[Data items]
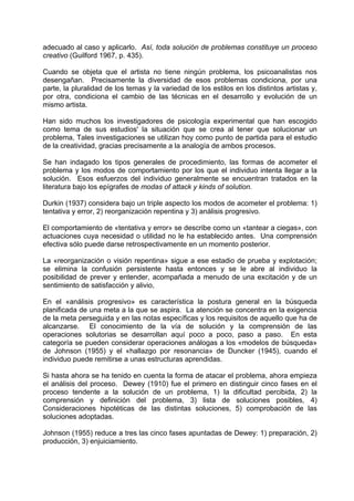 El documento describe el proceso creativo a través de las investigaciones de varios autores. Se dividen los enfoques en dos grupos: el acceso organizado y el acceso inspirado. El acceso organizado sigue las fases de preparación, producción y decisión propuestas por Arnold, mientras que el acceso inspirado sigue las cuatro fases de preparación, incubación, iluminación y verificación propuestas originalmente por Wallas. Ambos enfoques reconocen la importancia de la preparación inicial a través de la acumulación de conocimientos y experiencias.
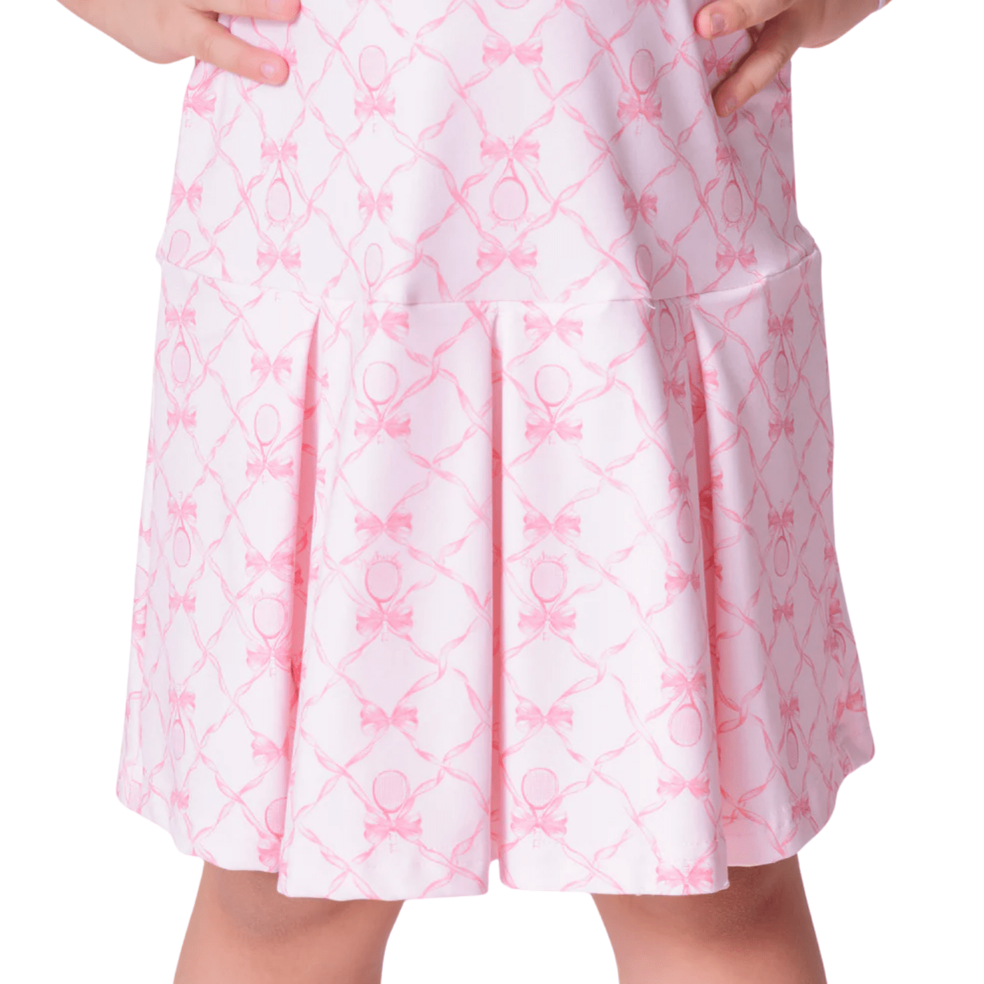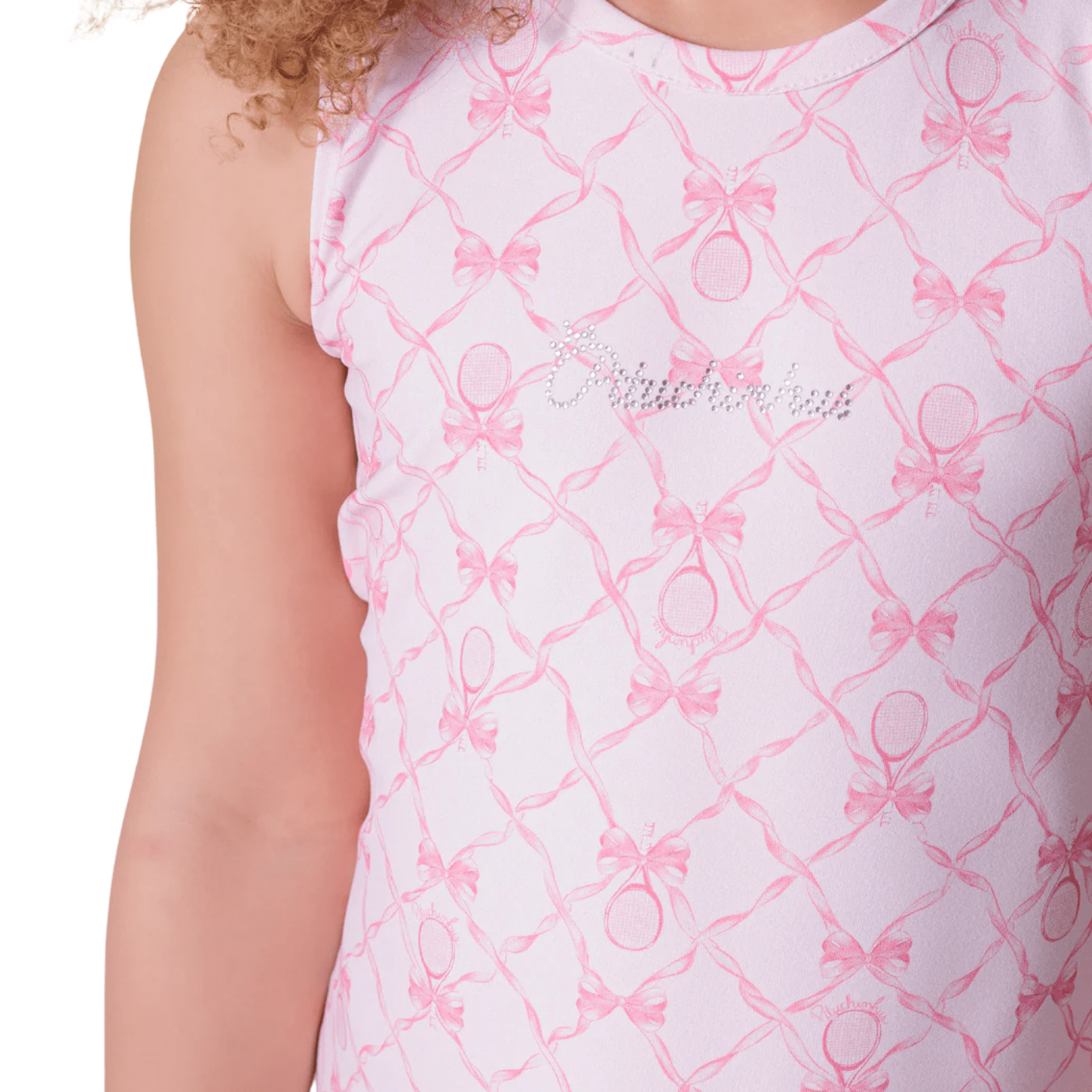 Confeccionado em tecido leve e macio, o vestido apresenta estampa exclusiva de laços e raquetes em tom rosado suave sobre fundo branco, garantindo um visual refinado e romântico.
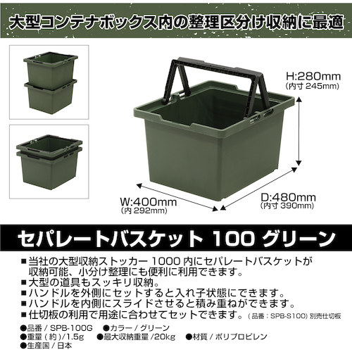 9. JEJアステージ セパレートバスケット グリーン#100 SPB-N100G
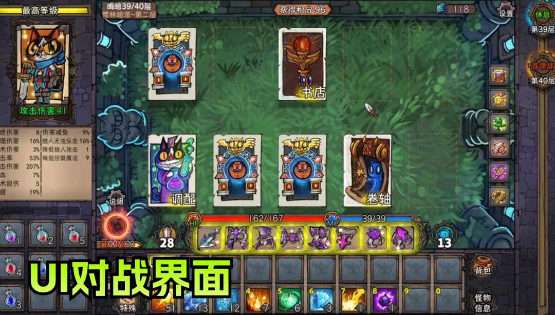 独创 “点杀式卡牌”玩法,单手即可畅快战斗!通过装备、法术、药水、神器的随机组合,搭配 物理/魔法双系克制机制,形成吸血流、暴击流等百变流派。看似轻量化的操作背后,隐藏着烧脑的即时策略博弈——是清空关卡还是保留体力冲刺BOSS?每一次抉择都关乎胜负。
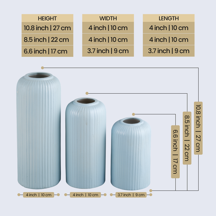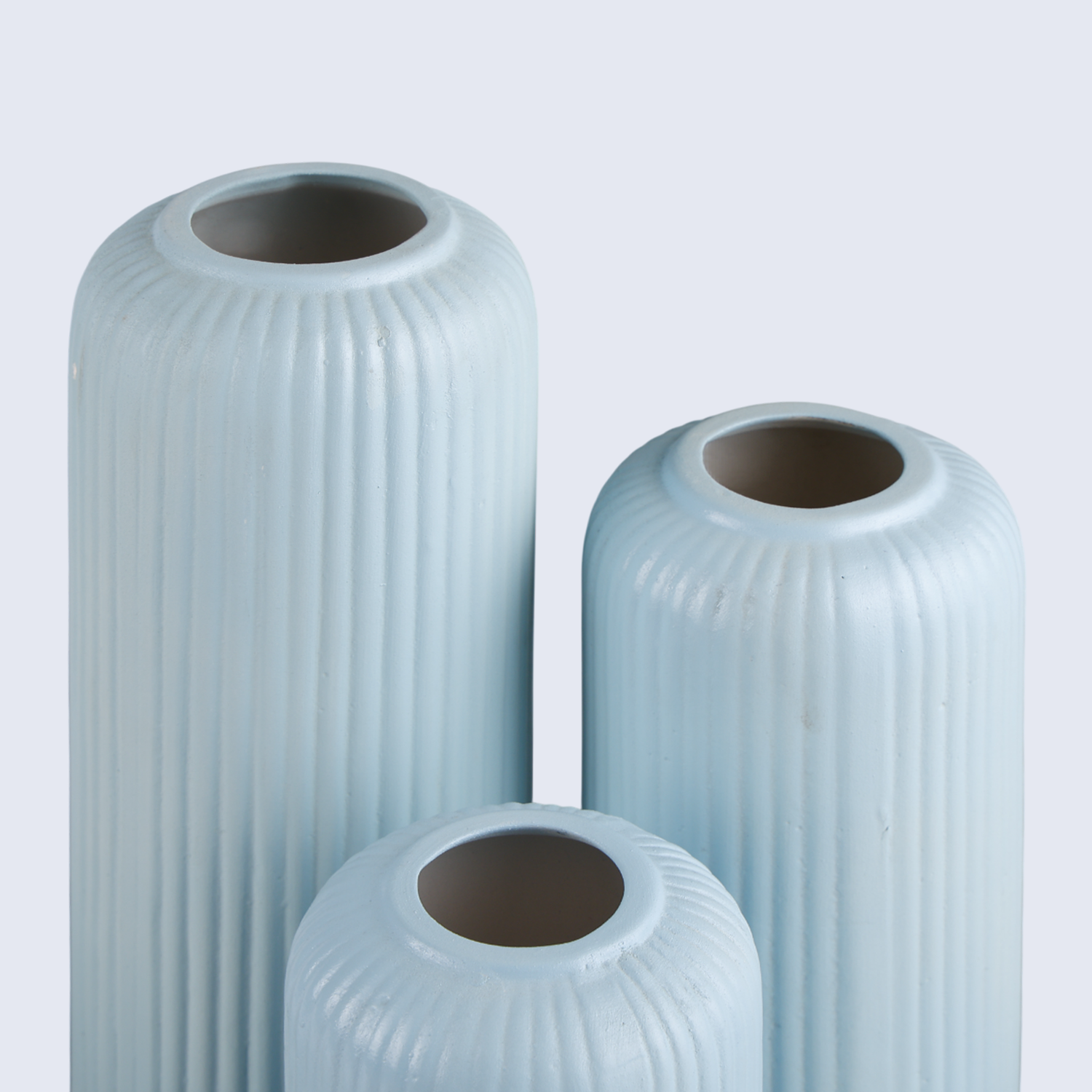 Ceramic Vase Turquoise Stripped Pattern Decorative Flower Vases Set Of 3
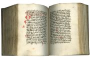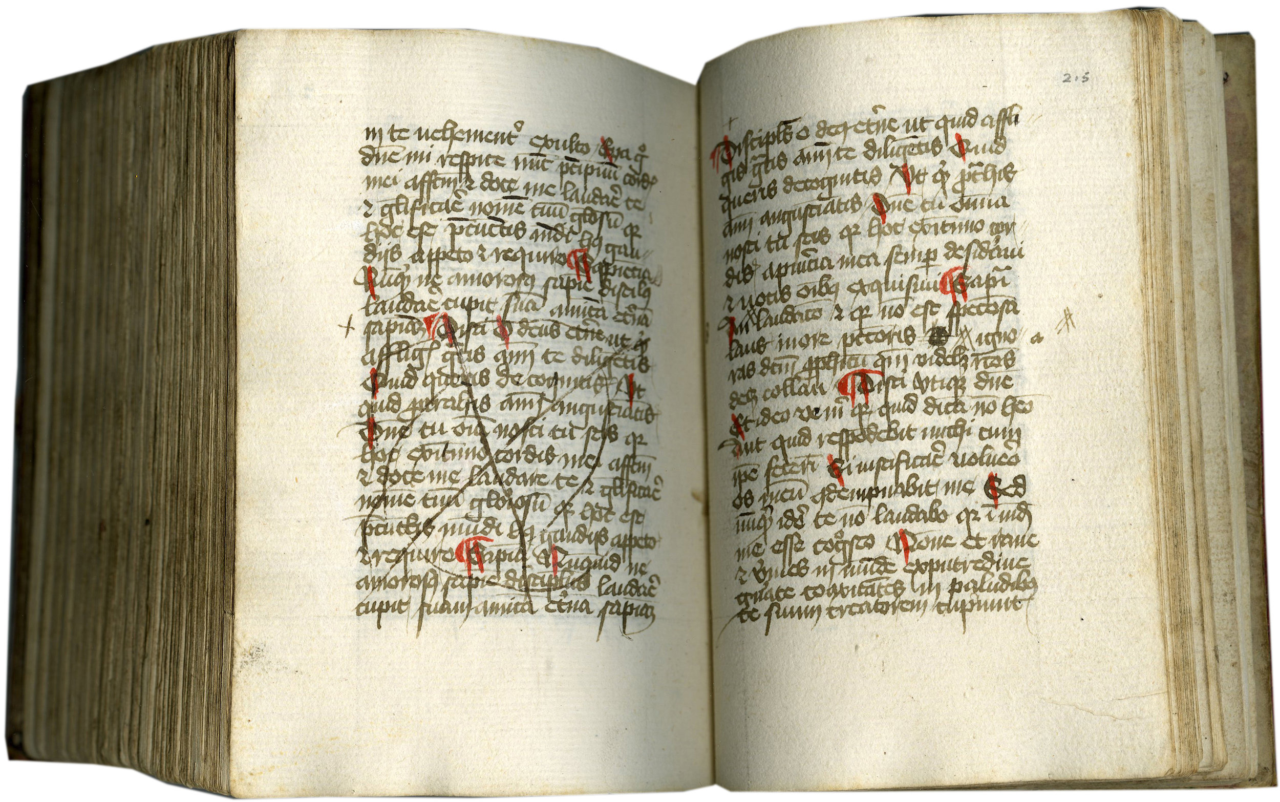 The manuscript was carefully corrected throughout, usually involving a single word; longer passages were also occasionally omitted by the scribe and supplied in in the margins by the corrector (for example, ff. 22, 29, and 40v); a long passage copied in error twice on ff. 214v-215 has been crudely crossed out on f. 214v. The scribe notes that he finished the manuscript on the Friday after Easter in 1426, underlining his text in red (the practice used for rubrics throughout the manuscript). Following this is a second note, this time in red, which states that the work was completed on the following day on the feast of St. Ambrose, perhaps indicating that the corrector was finished with his part of the task. (The Friday after Easter in 1426 was April 5, and the feast of St. Ambrose was commonly observed in the Middle Ages on April 4, so it is possible that the scribe recorded the date he finished the manuscript incorrectly).

• Requirement:
Retype all the entries exactly; drop the pictures.

• Written response:
 El documento describe el proceso creativo a través de las investigaciones de varios autores. Se dividen los enfoques en dos grupos: el acceso organizado y el acceso inspirado. El acceso organizado sigue las fases de preparación, producción y decisión propuestas por Arnold, mientras que el acceso inspirado sigue las cuatro fases de preparación, incubación, iluminación y verificación propuestas originalmente por Wallas. Ambos enfoques reconocen la importancia de la preparación inicial a través de la acumulación de conocimientos y experiencias.
 Confeccionado em tecido leve e macio, o vestido apresenta estampa exclusiva de laços e raquetes em tom rosado suave sobre fundo branco, garantindo um visual refinado e romântico.
 9. JEJアステージ セパレートバスケット グリーン#100 SPB-N100G
 独创 “点杀式卡牌”玩法,单手即可畅快战斗!通过装备、法术、药水、神器的随机组合,搭配 物理/魔法双系克制机制,形成吸血流、暴击流等百变流派。看似轻量化的操作背后,隐藏着烧脑的即时策略博弈——是清空关卡还是保留体力冲刺BOSS?每一次抉择都关乎胜负。
 Ceramic Vase Turquoise Stripped Pattern Decorative Flower Vases Set Of 3
 The manuscript was carefully corrected throughout, usually involving a single word; longer passages were also occasionally omitted by the scribe and supplied in in the margins by the corrector (for example, ff. 22, 29, and 40v); a long passage copied in error twice on ff. 214v-215 has been crudely crossed out on f. 214v. The scribe notes that he finished the manuscript on the Friday after Easter in 1426, underlining his text in red (the practice used for rubrics throughout the manuscript). Following this is a second note, this time in red, which states that the work was completed on the following day on the feast of St. Ambrose, perhaps indicating that the corrector was finished with his part of the task. (The Friday after Easter in 1426 was April 5, and the feast of St. Ambrose was commonly observed in the Middle Ages on April 4, so it is possible that the scribe recorded the date he finished the manuscript incorrectly).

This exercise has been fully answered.